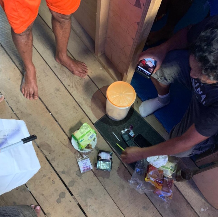 Lanjut Eddy, adapun barang bukti yang berhasil diamankan berupa 1 plastik klip yang berisi kristal putih yang diduga sabu dengan berat 0,50 gram. 1 Plastik klip yang berisi kristal putih yang di duga sabu dengan berat 0,42 gram, 1 buah piva kaca, 1 buah gunting, 1 buah pipet plastik, 1 dompet warna hitam, 1 dompet emas warna hitam merk hikmah, 1 dompet emas warna coklat merk cahaya antik, 1 Hp merk nokia warna hitam, 1 Hp merk Oppo A15 warna biru, 2 buah bungkusan rokok dji sam soe warna hitam, 3 jarim sumbu, 3 buah jarum timbangan, 3 buah bong lengkap dengan pipet, 5 korek api gas, 6 buah pipet plastik ujungnya runcing, 7 bendel plastik klip, 25 bekas poketan sabu dan uang tunai Rp. 5.550.000 ( lima juta lima ratus lima puluh ribu rupiah)
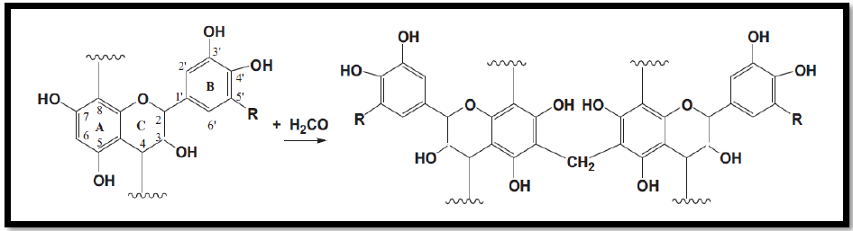 Les colles de bois issues de tanins condensés-formaldéhyde ont été utilisées industriellement depuis les années 1970, pour le collage du bois intérieur et extérieur tels que les panneaux de particules et de contreplaqué (Pizzi, 2003). Elles sont obtenues par durcissement des polymères flavonoïdes par polycondensation avec le formaldéhyde impliquant leurs cycles réactifs comme le montre la figure 2.
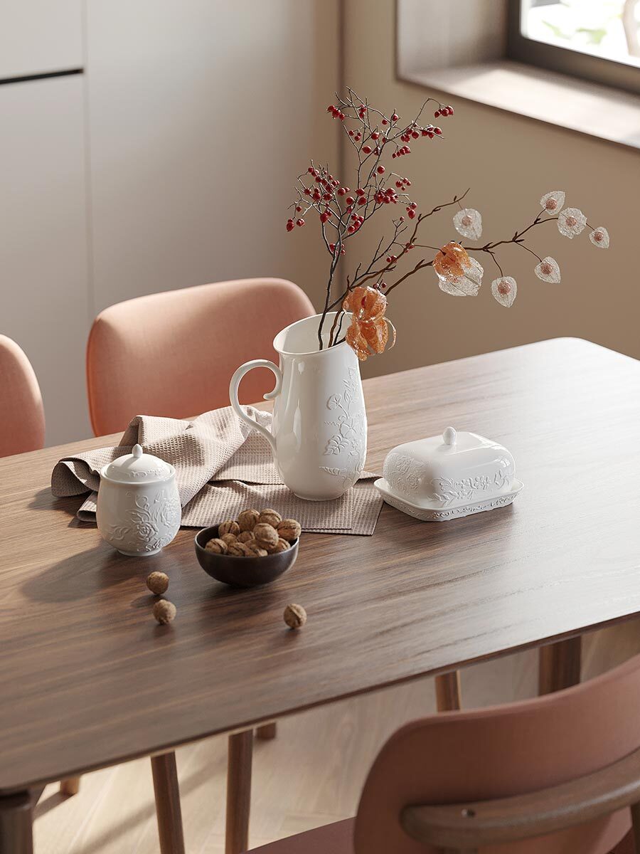 Кувшин English Gardens – выбор настоящих эстетов и возможность привнести в сервировку частичку природной элегантности. Плавные линии, мягкие формы и утонченный цветочный узор создают ощущение свежести и легкости, уюта и гармонии. Вы можете подавать в нем сок, компот, воду или использовать вместо вазы. Особенности и преимущества: - Кувшин идеально подходит как для повседневного использования, так и для особых случаев. - Посуда из прочной каменной керамики устойчива к растрескиванию и появлению сколов. - Глазурь и декор не тускнеют со временем, сохраняя первоначальный цвет и блеск. - Продукт прошел испытание на отсутствие в составе свинца и кадмия в соответствии со стандартными тестами FDA. - Коллекция English Gardens позволяет легко экспериментировать с цветами, текстурами и стилями, создавая красивые композиции и особую атмосферу. Материал: каменная керамика. Объем: 1,7 л. Размеры: 19,2х12,8х23,3 см. Цвет: белый. Можно мыть в посудомоечной машине в деликатном режиме с использованием мягких моющих средств.
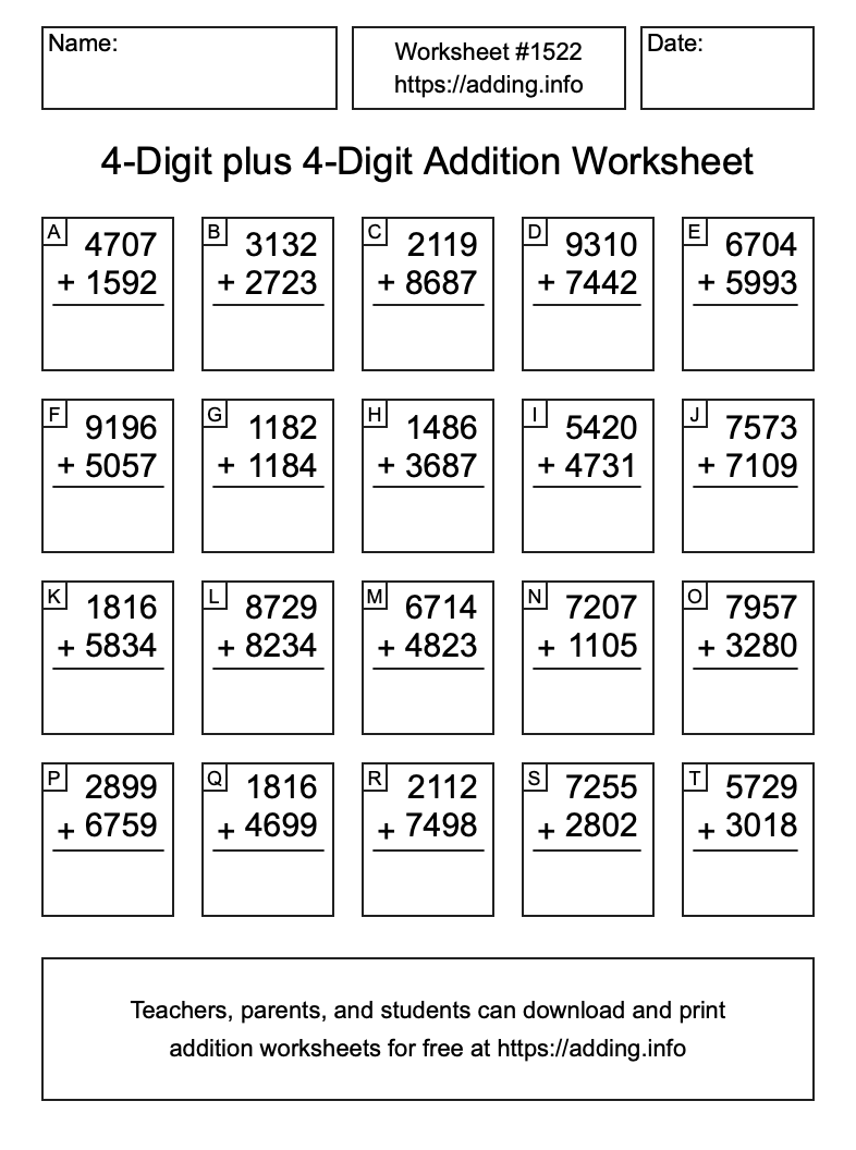 Here is the 4-Digit plus 4-Digit Addition Worksheet #1522. Print and/or save the worksheet using the buttons below the image. You can also drag or right-click on the image to download it to your device.
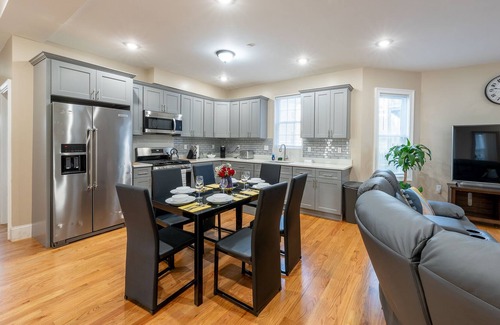 Experience togetherness in our newly renovated apartment in center of Boston! With 4 bedrooms, each furnished with a large TV and free Wifi and internet, it accommodates up to 14 guests. There are 2 full bathrooms and convenient first-floor access, it's perfect for family trips. Two parking lots will ensure a hassle-free stay. Ideal for multigenerational trips, our family-friendly haven welcomes elders and children. Reconnect with loved ones in our welcoming space for a truly special stay.
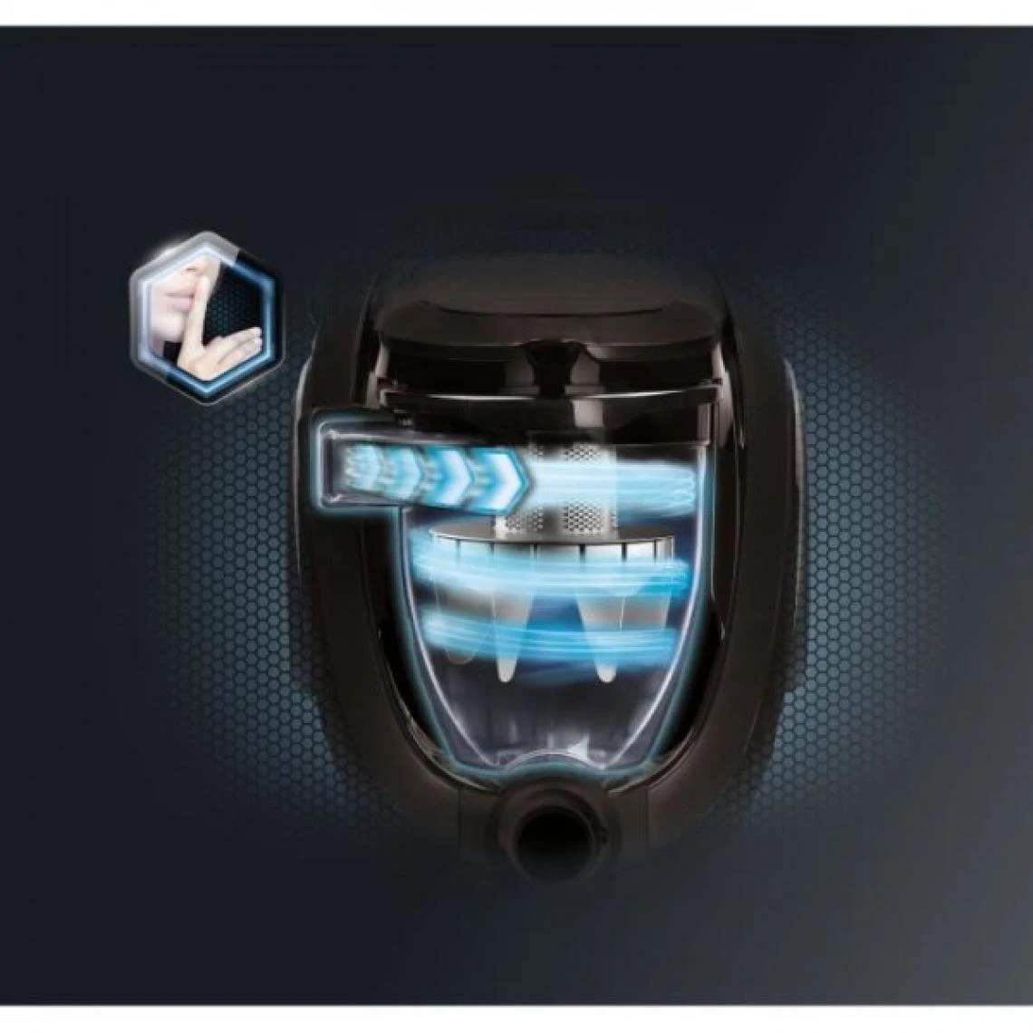 Le premier et le seul aspirateur sans sac cyclonique qui combine un tel niveau de performance et de silence (67 dBA). La nouvelle tete d’aspiration 2 positions, POWER AIR, garantit des résultats exceptionnels sur tous types de sols tout en apportant un confort d’utilisation optimal avec sa glisse extreme. Muni d’un bac a poussiere ultra pratique et facile a vider, il filtre 99,98 % de la poussiere aspirée.
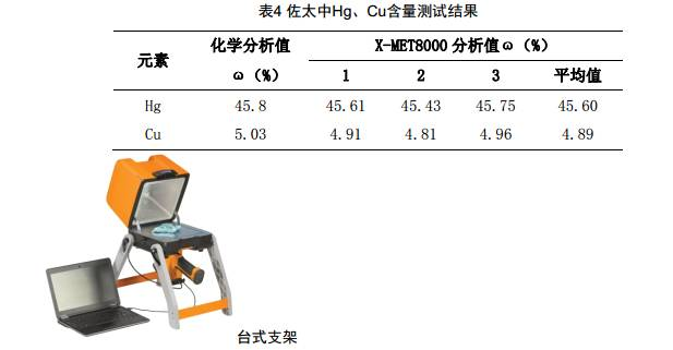以藏藥“佐太”為例,“佐太”是藏語“仁青歐曲佐珠欽木”的簡稱,又譯“佐臺” ( 衛(wèi)藏、安多語)、“佐塔” ( 康巴語) 。“佐”是煉制,“太”指灰、粉末,意思是緞燒成灰,合為水銀煅灰,也就是在金屬汞中加以多種輔助藥物,經(jīng)過洗、浸、煮等多道復雜炮制工藝,去垢、去銹、除汞毒,然后加以多種重金屬,煅炭存性而成的水銀灰藥,謂之佐太。 通常認為,藏藥“佐太”含有8種金屬和8種礦物,這8 種金屬是金、銀、紅銅、青銅、黃銅、鐵、鉛、錫,統(tǒng)稱“能持八鐵”或稱“能持八金屬”。 利用X-MET8000儀器可以完成對佐太中重金屬的分析,表4為儀器分析值和化學分析值。
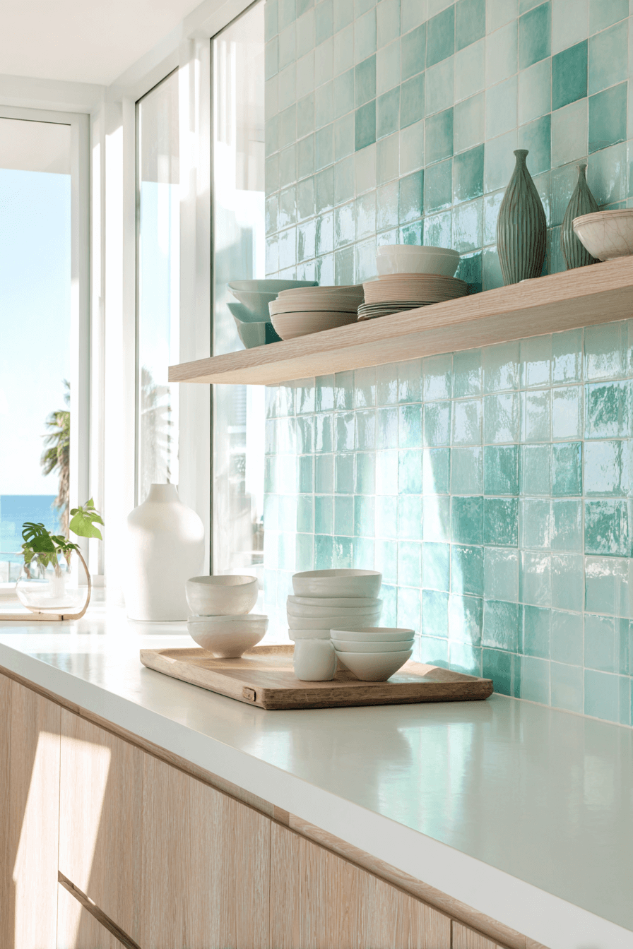 There’s something quietly luxurious about a backsplash you want to touch—matte aqua tile has that soft, almost suede-like quality that makes morning coffee feel like a spa ritual.
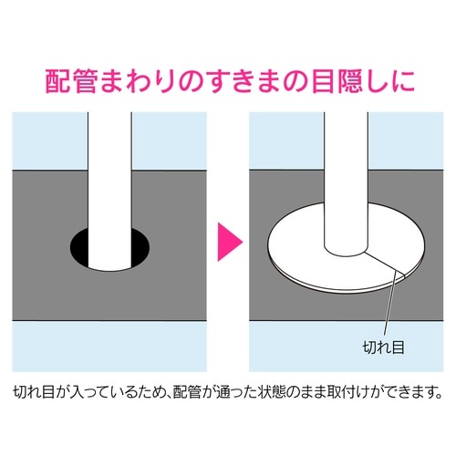 壁面や床の配管貫通穴を隠す化粧プレートです。
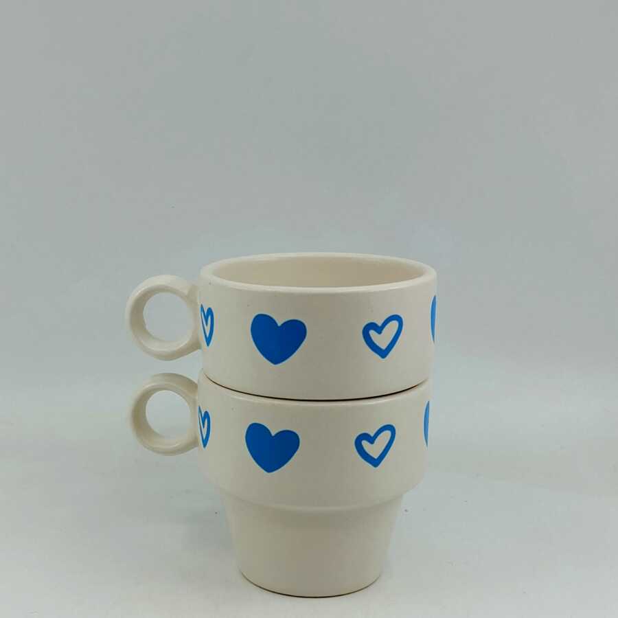 MAVİ BEYAZ KALPLER-İKİLİ ESPRESSO BARDAĞI - TRANSPARAN

******************************

Transcribe exactly the portion of the material above that runs from the line containing "壁面や床の配管貫通穴を隠す化粧プレートです。" through its last line, omitting all pictures.

 壁面や床の配管貫通穴を隠す化粧プレートです。
 MAVİ BEYAZ KALPLER-İKİLİ ESPRESSO BARDAĞI - TRANSPARAN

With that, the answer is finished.